-- Work request --
Under this line is some data; print exactly the lines from the one containing "ЗУБР КРЕСТ 3D" through its last line, without pictures.

Stored items from a collection:

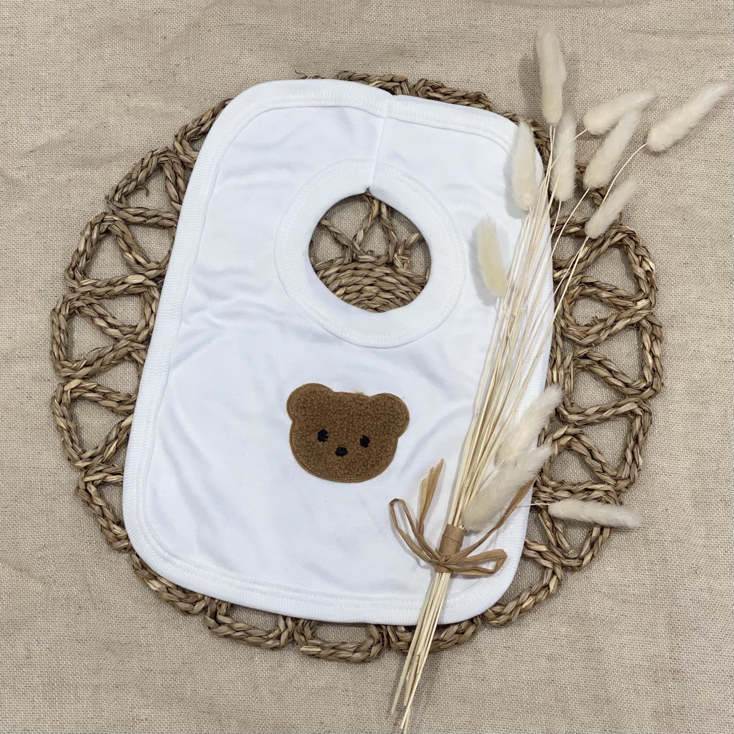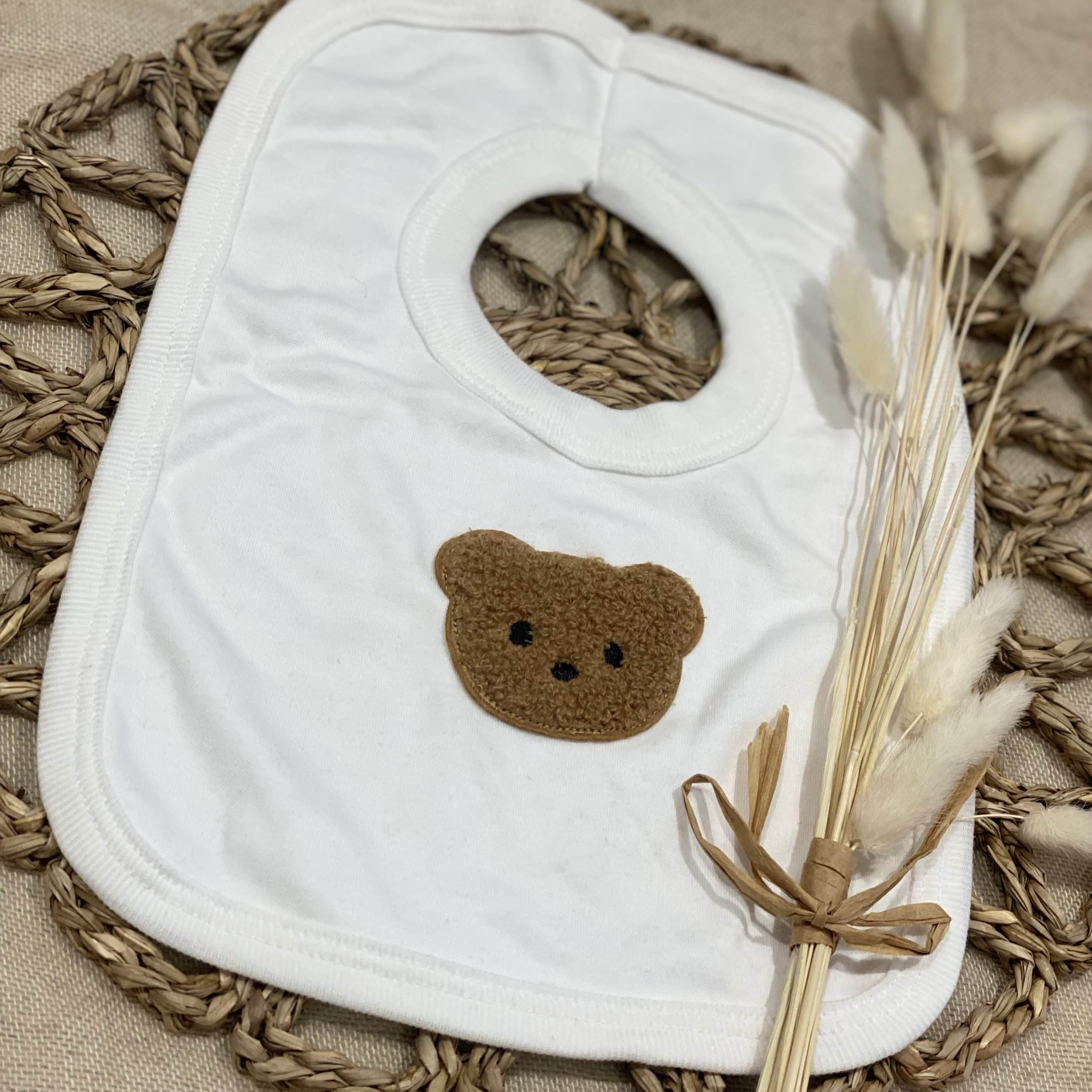 Unisex baby cotton bib with a bear sewn on the front. pull over head bib.
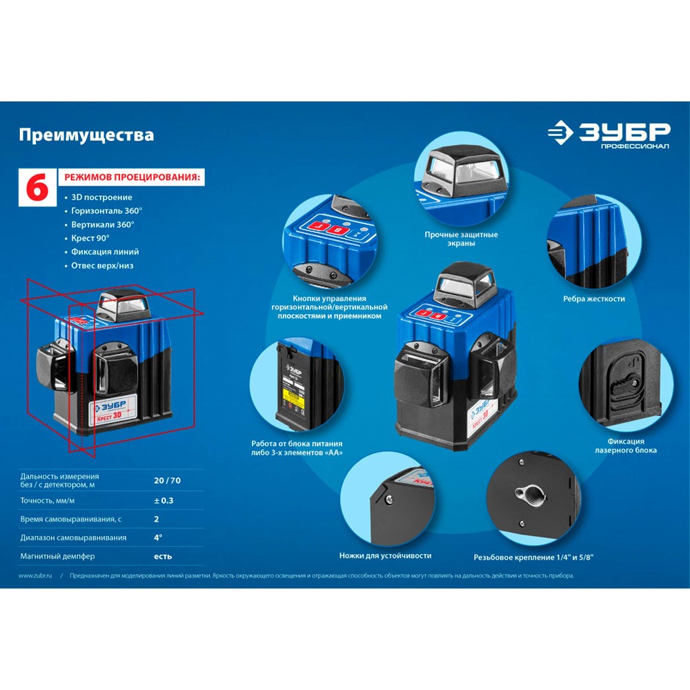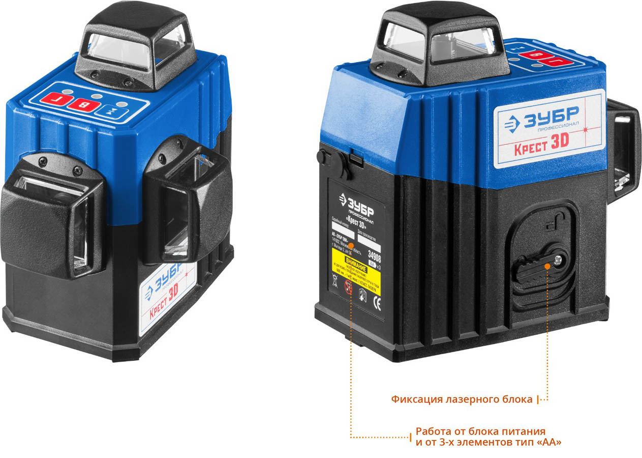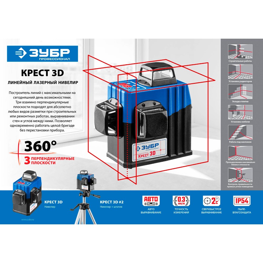 ЗУБР КРЕСТ 3D нивелир лазерный 3х360°, 20м/70м, точн. +/-0,3 мм/м
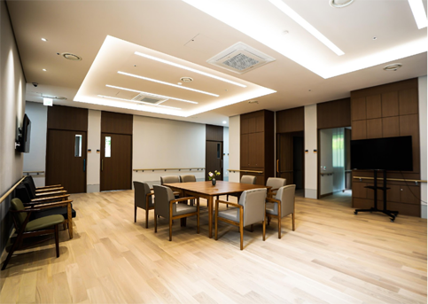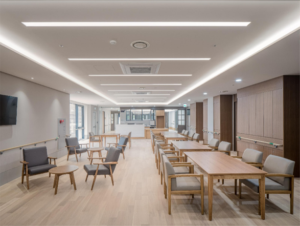 넓은 거실에서 어르신간의 커뮤니케이션이 이루어지고, 각종 프로그램이 진행되어 언제라도 참여하실 수 있습니다.
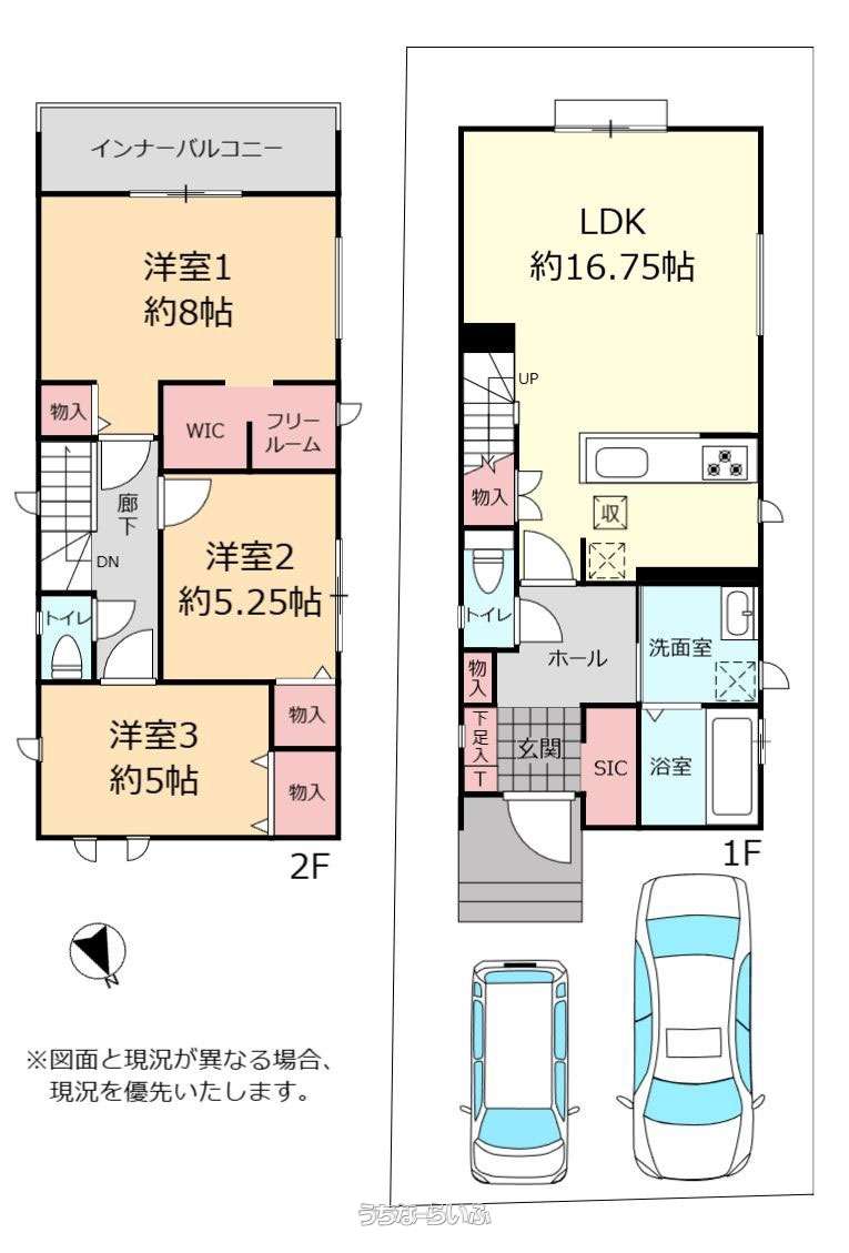 | 間取り | 3LDK ( 洋8 洋5.2 洋5 LDK16.7 ※+WIC・SIC・フリールームあり) | ||
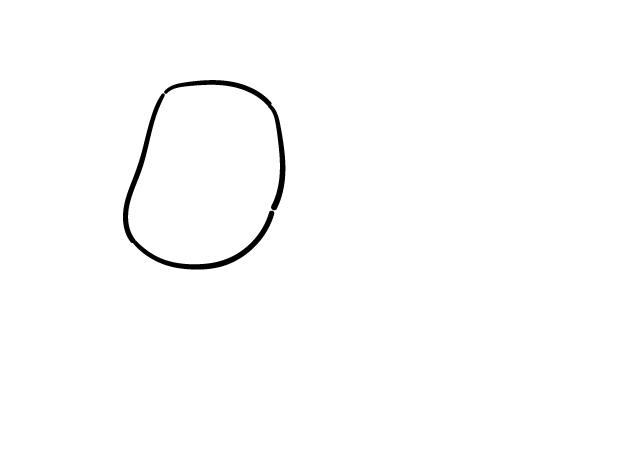 顔の輪郭の下側に、弧を描くように線を引いて、その中に小さな楕円を2つ描きます。

-- Task output --
 ЗУБР КРЕСТ 3D нивелир лазерный 3х360°, 20м/70м, точн. +/-0,3 мм/м
 넓은 거실에서 어르신간의 커뮤니케이션이 이루어지고, 각종 프로그램이 진행되어 언제라도 참여하실 수 있습니다.
 | 間取り | 3LDK ( 洋8 洋5.2 洋5 LDK16.7 ※+WIC・SIC・フリールームあり) | ||
 顔の輪郭の下側に、弧を描くように線を引いて、その中に小さな楕円を2つ描きます。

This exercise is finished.